WHAT NEEDS TO BE DONE:
Nothing but the lines from the one containing "Figura 4: Projeção" through the last line of the records belongs in the answer, copied exactly and with the pictures left out.

DATASET:
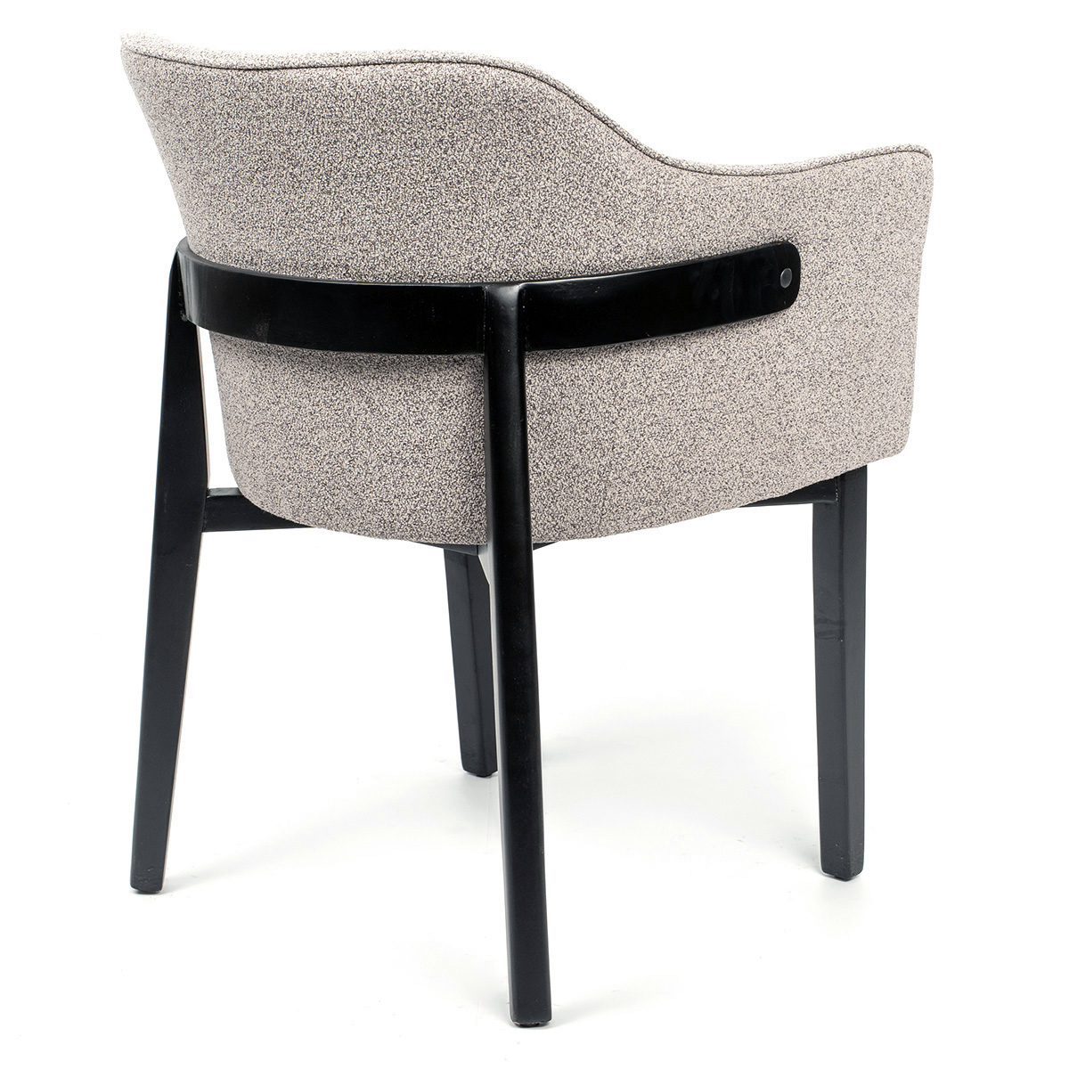Stolica Lorent kombinuje udobnost i sofisticirani dizajn, sa nežno zakrivljenim naslonom i tapaciranim sedištem od meke tkanine u boji peska. Njena elegantna forma unosi profinjenost u svaki prostor, bilo da je u pitanju kancelarija, dnevni boravak ili trpezarija.
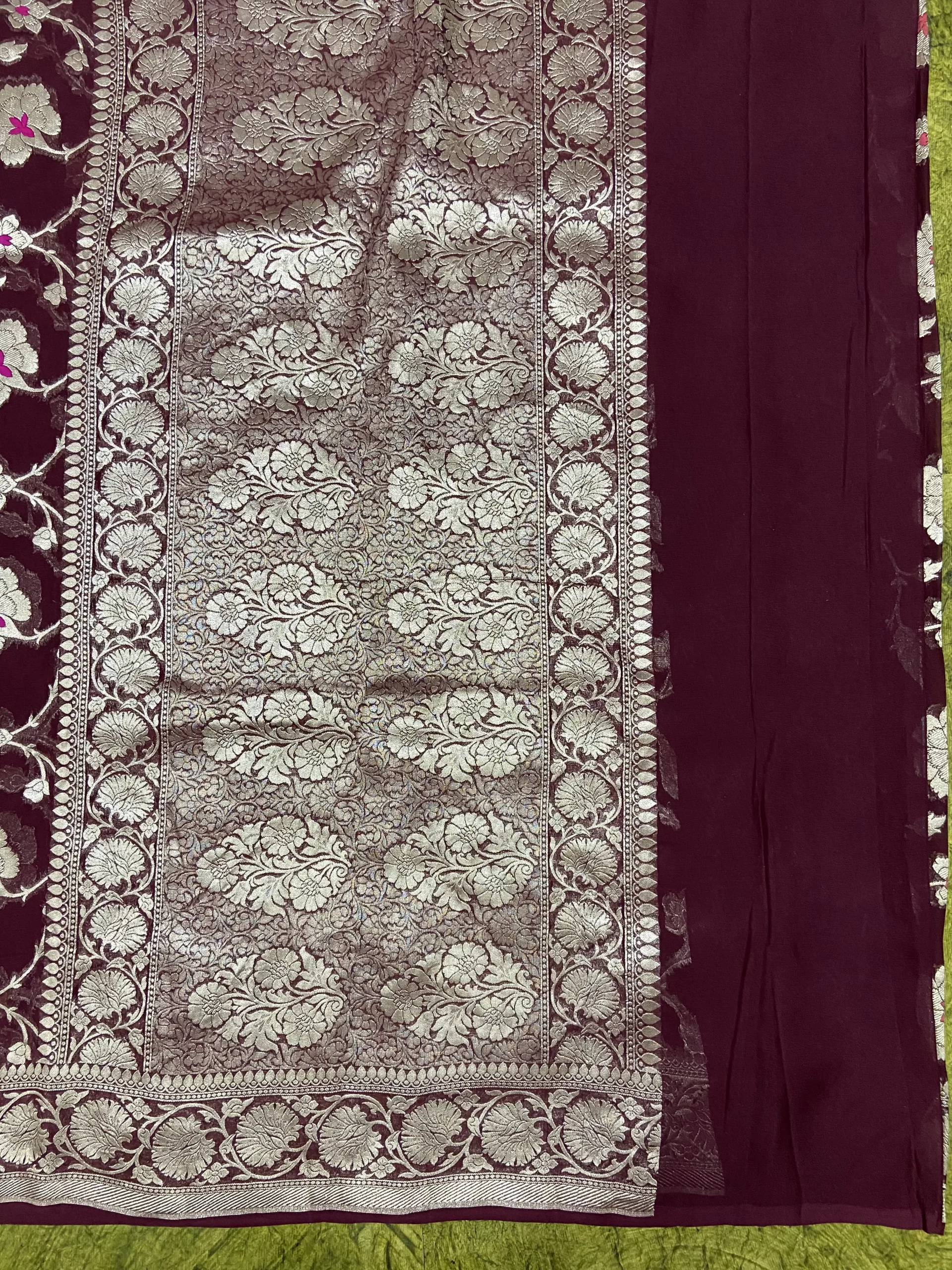 This is a hand-woven saree so there might be some irregularities, but that is what makes a banarasi saree unique. For any assistance on this product, you can email us at sales@.com.
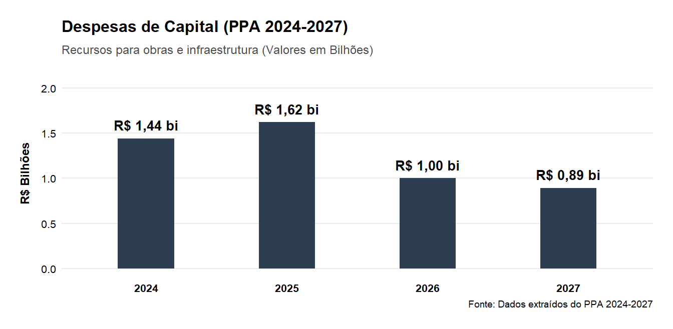 Figura 4: Projeção orçamentária para obras e expansão física das universidades e institutos. Após um pico em 2025, os recursos sofrem uma queda drástica de quase 40% em apenas um ano. Fonte: Jornal O Futuro com base no PPA 2024- 2027
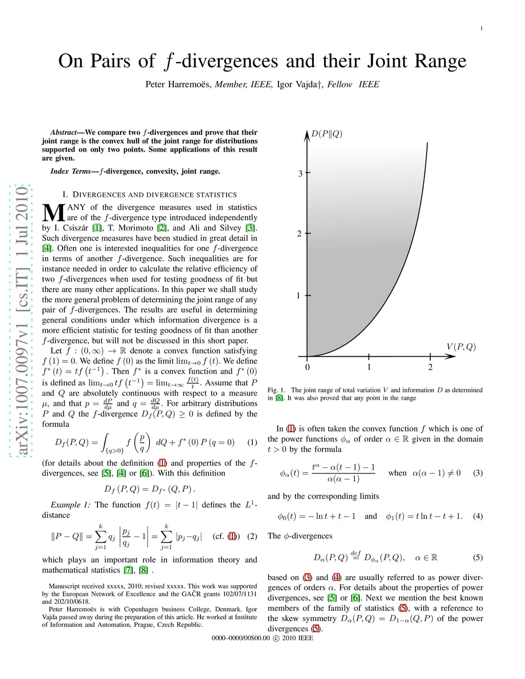 We compare two f-divergences and prove that their joint range is the convex hull of the joint range for distributions supported on only two points. Some applications of this result are given.
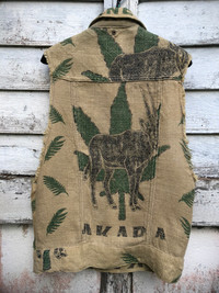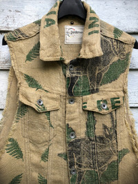 Japanese Brand - Jack Rose Marijuana Leaf Print Raw Seam 100% Linen Vest

REPLY:
 Figura 4: Projeção orçamentária para obras e expansão física das universidades e institutos. Após um pico em 2025, os recursos sofrem uma queda drástica de quase 40% em apenas um ano. Fonte: Jornal O Futuro com base no PPA 2024- 2027
 We compare two f-divergences and prove that their joint range is the convex hull of the joint range for distributions supported on only two points. Some applications of this result are given.
 Japanese Brand - Jack Rose Marijuana Leaf Print Raw Seam 100% Linen Vest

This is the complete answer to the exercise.